Apr 7, 2024
Large Hadron Collider reaches its first stable beams in 2024
Posted by Paul Battista in categories: energy, physics
On Friday 5 April, at 6.25 p.m., the LHC Engineer-in-Charge at the CERN Control Centre (CCC) announced that stable beams were back in the Large Hadron Collider, marking the official start of the 2024 physics data-taking season. The third year of LHC Run 3 promises six months of 13.6 TeV proton collisions at an even higher luminosity than before, meaning more collisions for the experiments to take data from. This will be followed by a period of lead ion collisions in October.
Before the LHC could restart, each accelerator in the CERN complex had to be prepared for another year of physics data taking. Beginning with Linac4, which welcomed its first beam two months ago, each accelerator has gone through a phase of beam commissioning in which it is gradually set up and optimised to be able to control all aspects of the beam, from its energy and intensity to its size and stability. During this phase researchers also test the accelerator’s performance and address any issues before it is used for physics. Following Linac4, which contains the source of protons for the beam, each accelerator was commissioned in turn: the Proton Synchrotron Booster, the Proton Synchrotron, the Super Proton Synchrotron, and finally the LHC from 8 March until 5 April. The whole complex is now ready for data taking.
Back to the CCC. While stable beams are the goal, the CCC engineers must first take several steps to achieve them. First, they must inject the beams into the LHC from the previous accelerators in the chain. Then begins the ramp-up process, which involves increasing the beam energy up to the nominal energy of 6.8 TeV. The next step – shown as “flat top” on LHC Page 1 – is where the energy in the beams is consistent, but they’re not quite ready yet.

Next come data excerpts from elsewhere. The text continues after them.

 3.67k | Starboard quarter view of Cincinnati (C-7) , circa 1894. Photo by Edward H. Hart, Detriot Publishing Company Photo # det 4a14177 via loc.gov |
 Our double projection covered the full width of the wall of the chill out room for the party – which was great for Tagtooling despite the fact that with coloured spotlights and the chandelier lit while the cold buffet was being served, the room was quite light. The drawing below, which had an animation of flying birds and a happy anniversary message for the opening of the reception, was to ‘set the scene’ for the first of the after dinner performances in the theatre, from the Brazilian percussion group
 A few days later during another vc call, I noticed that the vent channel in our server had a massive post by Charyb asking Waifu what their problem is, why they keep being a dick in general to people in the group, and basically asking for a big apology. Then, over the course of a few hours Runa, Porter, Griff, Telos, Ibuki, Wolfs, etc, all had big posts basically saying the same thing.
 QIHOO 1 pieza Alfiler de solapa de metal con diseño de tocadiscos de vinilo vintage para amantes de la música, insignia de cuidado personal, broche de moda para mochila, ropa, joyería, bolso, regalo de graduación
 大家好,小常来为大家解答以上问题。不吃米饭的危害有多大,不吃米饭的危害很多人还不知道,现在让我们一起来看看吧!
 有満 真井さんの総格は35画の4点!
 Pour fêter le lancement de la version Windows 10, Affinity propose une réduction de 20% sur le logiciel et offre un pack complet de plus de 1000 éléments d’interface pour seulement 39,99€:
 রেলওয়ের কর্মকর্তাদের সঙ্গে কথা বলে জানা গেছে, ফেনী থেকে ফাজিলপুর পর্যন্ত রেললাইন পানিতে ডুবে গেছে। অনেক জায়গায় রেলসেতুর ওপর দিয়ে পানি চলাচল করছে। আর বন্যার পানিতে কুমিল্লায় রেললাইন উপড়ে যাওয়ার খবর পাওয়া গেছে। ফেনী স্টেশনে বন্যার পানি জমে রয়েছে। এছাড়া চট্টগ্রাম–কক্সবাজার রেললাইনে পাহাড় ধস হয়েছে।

In order to achieve stable beams, the circulating beams must then be “squeezed” and adjusted using the LHC magnets. This involves making the beams narrower and more centred on their paths, and therefore more likely to produce a high number of collisions in the detectors. Only after the squeezing and adjustment has been completed can stable beams be declared and the experiments around the LHC begin their data taking.